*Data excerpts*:
════

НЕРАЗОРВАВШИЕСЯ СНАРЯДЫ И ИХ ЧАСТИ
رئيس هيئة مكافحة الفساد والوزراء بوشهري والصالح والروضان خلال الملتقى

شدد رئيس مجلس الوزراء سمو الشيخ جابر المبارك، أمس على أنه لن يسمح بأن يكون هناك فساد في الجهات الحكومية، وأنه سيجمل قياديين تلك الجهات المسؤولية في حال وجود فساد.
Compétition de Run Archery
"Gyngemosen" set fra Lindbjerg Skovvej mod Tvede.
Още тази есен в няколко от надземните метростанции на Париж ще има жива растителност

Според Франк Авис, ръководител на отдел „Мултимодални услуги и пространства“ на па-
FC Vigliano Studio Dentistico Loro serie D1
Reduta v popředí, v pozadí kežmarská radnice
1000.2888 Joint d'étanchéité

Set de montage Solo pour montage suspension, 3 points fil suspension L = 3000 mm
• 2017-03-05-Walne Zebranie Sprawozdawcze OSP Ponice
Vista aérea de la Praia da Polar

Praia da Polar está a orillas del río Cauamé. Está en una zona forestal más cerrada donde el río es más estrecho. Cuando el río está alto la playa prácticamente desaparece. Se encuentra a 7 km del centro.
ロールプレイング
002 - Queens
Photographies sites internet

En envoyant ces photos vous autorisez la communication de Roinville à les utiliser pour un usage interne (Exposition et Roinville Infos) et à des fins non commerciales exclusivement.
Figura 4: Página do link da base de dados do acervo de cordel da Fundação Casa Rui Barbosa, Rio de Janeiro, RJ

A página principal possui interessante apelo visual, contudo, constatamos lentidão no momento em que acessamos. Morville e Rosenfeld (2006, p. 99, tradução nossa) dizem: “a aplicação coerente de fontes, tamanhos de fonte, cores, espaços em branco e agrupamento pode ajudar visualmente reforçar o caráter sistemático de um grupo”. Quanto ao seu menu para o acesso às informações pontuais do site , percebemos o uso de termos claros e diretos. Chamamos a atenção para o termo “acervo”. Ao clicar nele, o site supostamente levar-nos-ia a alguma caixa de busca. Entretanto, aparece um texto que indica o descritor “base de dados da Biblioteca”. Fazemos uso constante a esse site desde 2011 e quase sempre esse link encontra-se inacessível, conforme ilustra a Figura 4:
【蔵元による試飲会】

════

*WHAT IS EXPECTED*: Print, exactly as they appear above, the lines running from the one with "002 - Queens" through the final line.

*SOLUTION FOR THIS TASK*:
002 - Queens
Photographies sites internet

En envoyant ces photos vous autorisez la communication de Roinville à les utiliser pour un usage interne (Exposition et Roinville Infos) et à des fins non commerciales exclusivement.
Figura 4: Página do link da base de dados do acervo de cordel da Fundação Casa Rui Barbosa, Rio de Janeiro, RJ

A página principal possui interessante apelo visual, contudo, constatamos lentidão no momento em que acessamos. Morville e Rosenfeld (2006, p. 99, tradução nossa) dizem: “a aplicação coerente de fontes, tamanhos de fonte, cores, espaços em branco e agrupamento pode ajudar visualmente reforçar o caráter sistemático de um grupo”. Quanto ao seu menu para o acesso às informações pontuais do site , percebemos o uso de termos claros e diretos. Chamamos a atenção para o termo “acervo”. Ao clicar nele, o site supostamente levar-nos-ia a alguma caixa de busca. Entretanto, aparece um texto que indica o descritor “base de dados da Biblioteca”. Fazemos uso constante a esse site desde 2011 e quase sempre esse link encontra-se inacessível, conforme ilustra a Figura 4:
【蔵元による試飲会】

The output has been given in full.